**Goal of the exercise**
Reproduce the whole listing exactly and let no picture into the copy.

**Data**
= Beginning of Section =

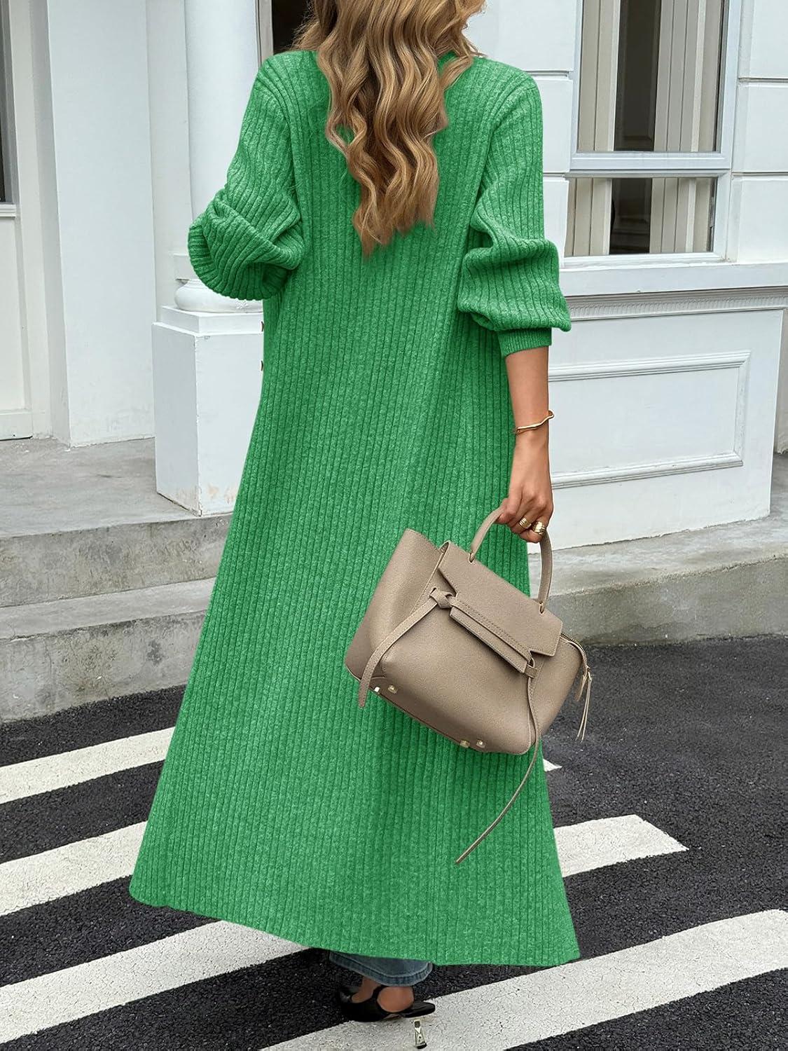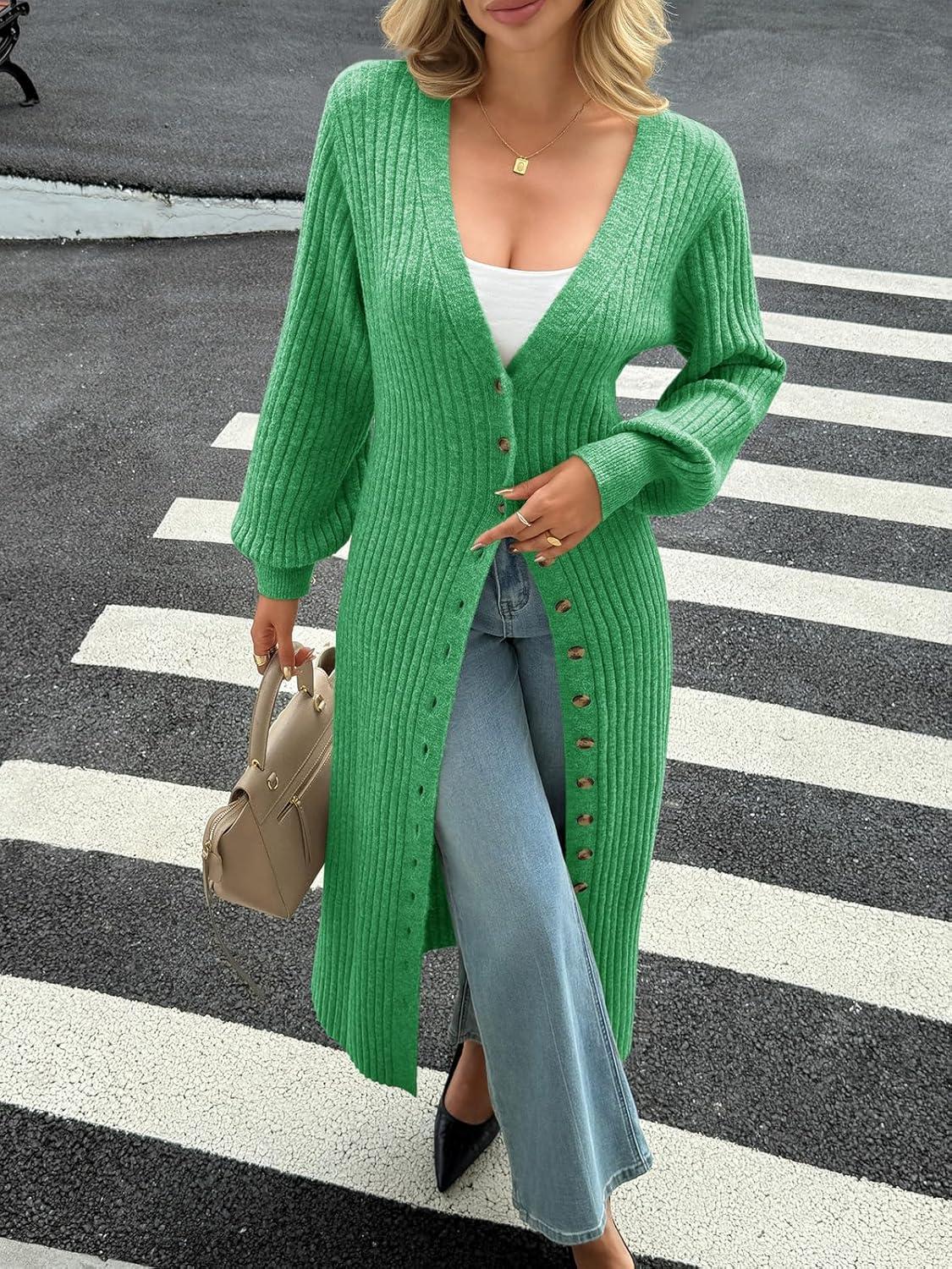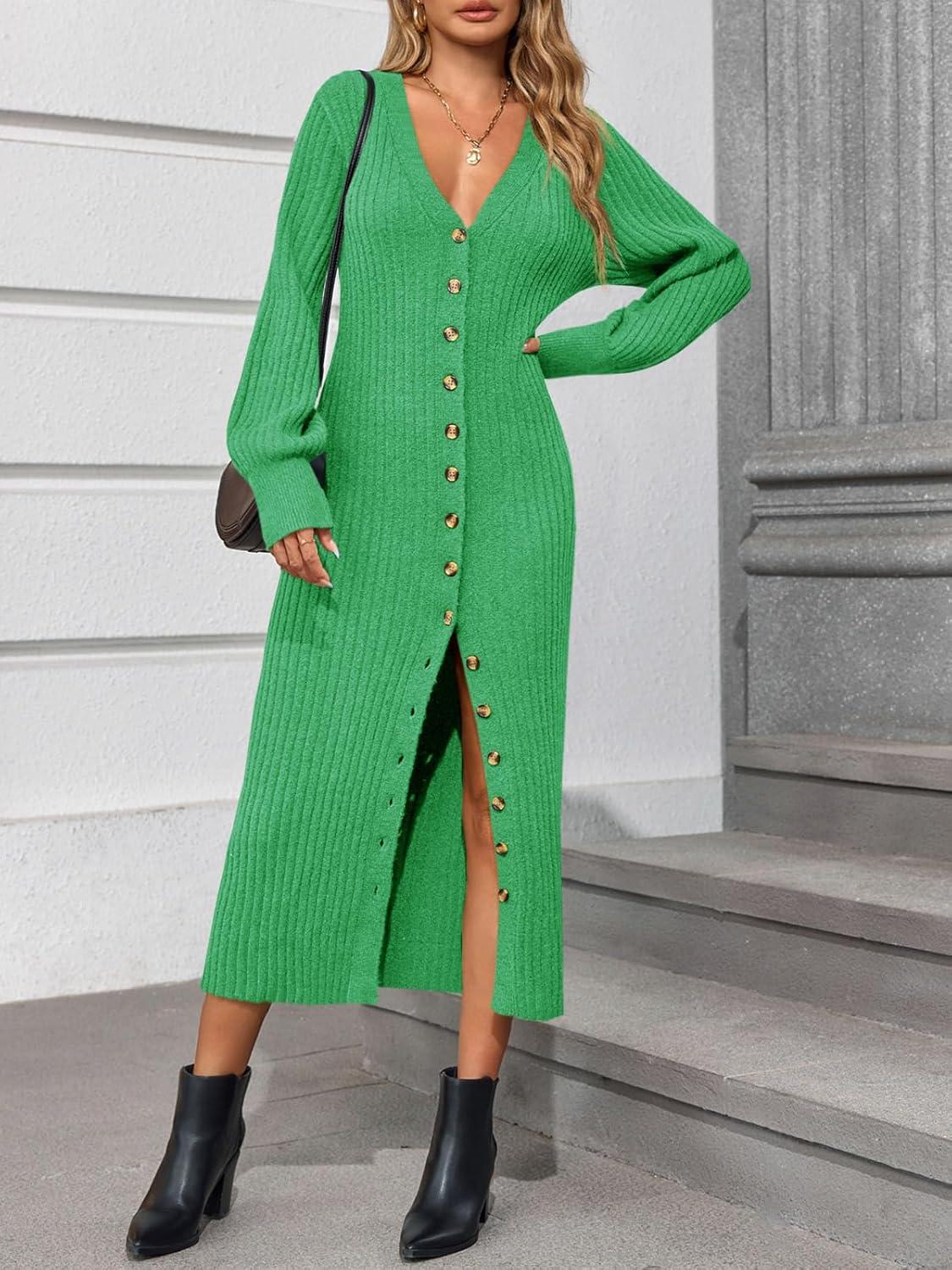 Saodimallsu Womens Long Cardigans V Neck Button Down Chunky Knit Dusters Sweater Coat Fall Trendy Maxi Sweater Dress(Green)
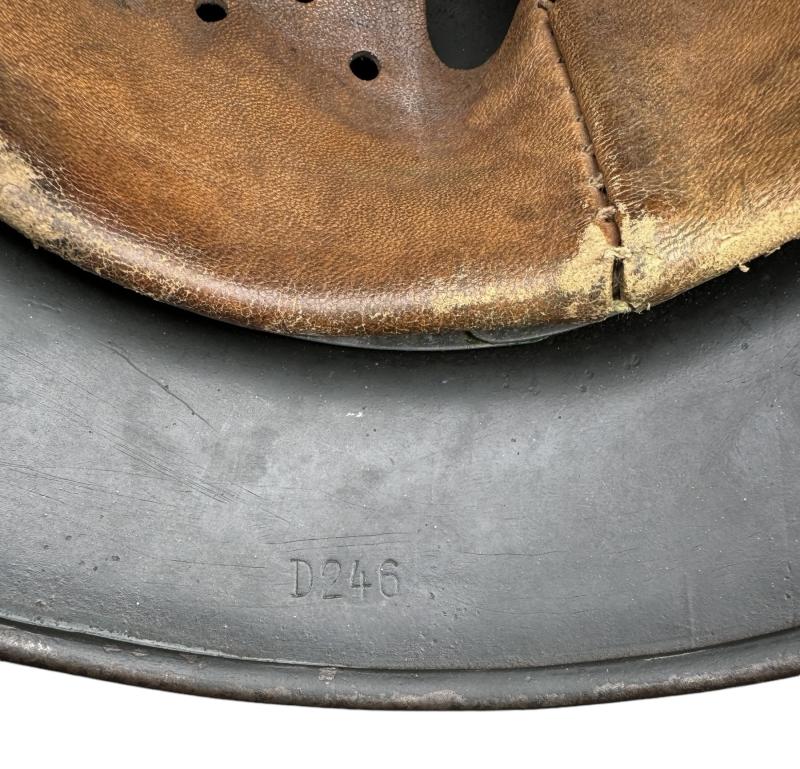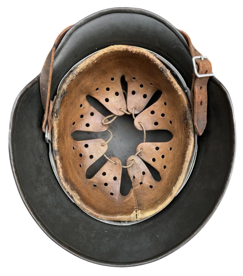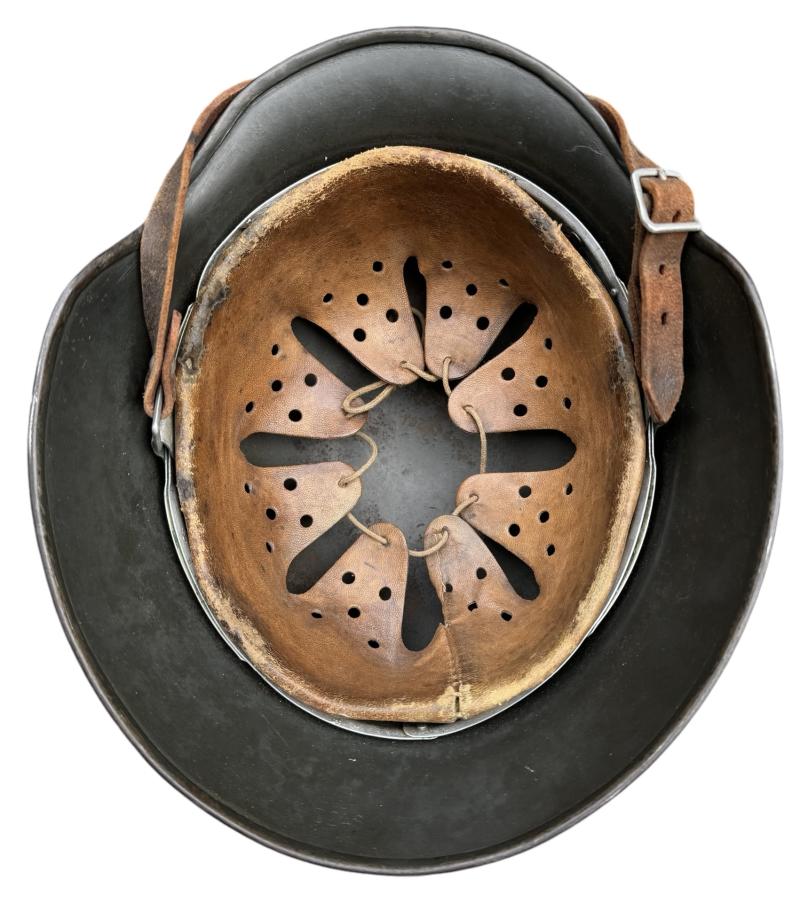 With its second type (re-enfored ring) aluminum liner in size “55”. Complete with its leather helmet strap with steel buckle.
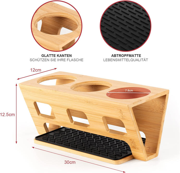 Porte-bouteille Compatible avec Soda Stream Duo et bouteilles d'eau Standard 3 porte-gouttes en bambou égouttoir
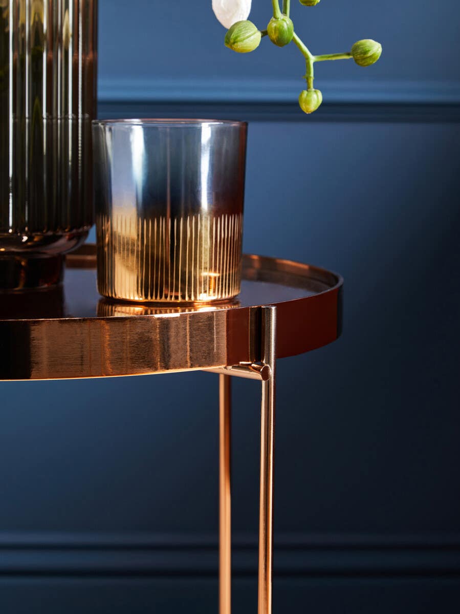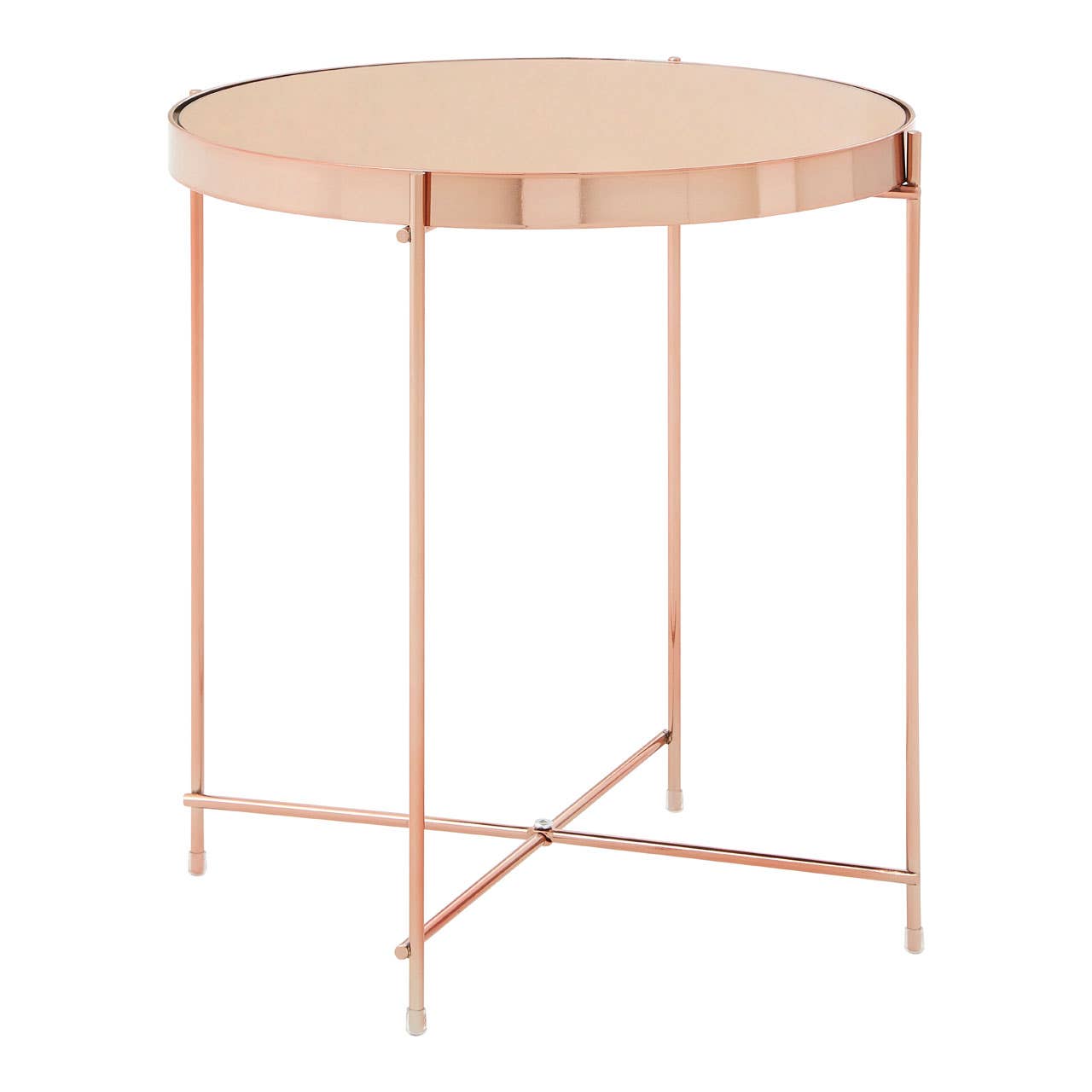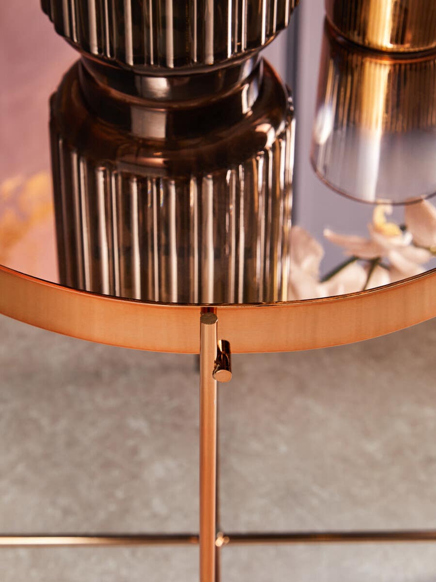 Elevate your space with this chic Pink Mirror Side Table. Featuring a stunning pink mirrored top and elegant rose gold metal band, this table exudes glamour and sophistication. The sleek design with slim tubular legs adds a touch of modern minimalism, making it a perfect addition to your boutique hotel-inspired decor.

= End of Section =

**Final answer**
 Saodimallsu Womens Long Cardigans V Neck Button Down Chunky Knit Dusters Sweater Coat Fall Trendy Maxi Sweater Dress(Green)
 With its second type (re-enfored ring) aluminum liner in size “55”. Complete with its leather helmet strap with steel buckle.
 Porte-bouteille Compatible avec Soda Stream Duo et bouteilles d'eau Standard 3 porte-gouttes en bambou égouttoir
 Elevate your space with this chic Pink Mirror Side Table. Featuring a stunning pink mirrored top and elegant rose gold metal band, this table exudes glamour and sophistication. The sleek design with slim tubular legs adds a touch of modern minimalism, making it a perfect addition to your boutique hotel-inspired decor.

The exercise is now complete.